The second uncertainty quoted by GGH97, however, was an estimate of the possible error in H₀ due to a systematic difference in the mean intrinsic diameter of the local calibrating galaxies compared with the distant sample (even after correction for Malmquist bias). In particular, GGH97 suggested that the mean diameter of the local calibrators might be systematically larger than that of the distant sample, given the strategy of the HST Key Project to observe ‘Grand Design’ spirals (Kennicutt et al. 1995). This would lead to a systematic underestimation of H₀ from galaxy diameters, bringing the value reported by GGH97 into closer line with most other recent estimates.

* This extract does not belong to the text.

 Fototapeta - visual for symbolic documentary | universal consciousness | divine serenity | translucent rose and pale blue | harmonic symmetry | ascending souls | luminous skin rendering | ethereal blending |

We found evidence in Hendry & Rauzy (2000) for such a systematic bias in the mean diameter of the calibrators, since it appeared that galaxies of small diameter are relatively under-represented in the CDF of the local calibrating sample. Hence our remaining assumption — that the local calibrating galaxies fairly sample the reconstructed LEDA diameter function — would seem to be questionable. Little further progress could be made using only galaxy diameter information, however, because of the large intrinsic spread of the diameter distribution function.

4 Including Tully–Fisher information

In this paper we improve our analysis by introducing the galaxy rotation velocity as a second parameter, to reduce the dispersion of the galaxy diameter distance indicator. This is, of course, analogous to the conventional Tully–Fisher relation but — crucially — retains completely the robustness of our previous analysis. We applied our analysis to the KLUN sample of spiral galaxies (cf. Theureau et al. 1997). In a similar manner to the recent application of the ‘Sosie’ method (cf. Paturel et al. 1998), we proceed by selecting, for each local calibrator, the subset of galaxies from the distant sample with similar log rotation velocity (within the range ±0.05) and morphological type (within the range ±1) as the calibrator. For each subset we then reconstruct the diameter function (again, in terms of the transformed variable, M) for the distant galaxies, assuming initially a fiducial value of H₀=100 km s⁻¹ Mpc⁻¹.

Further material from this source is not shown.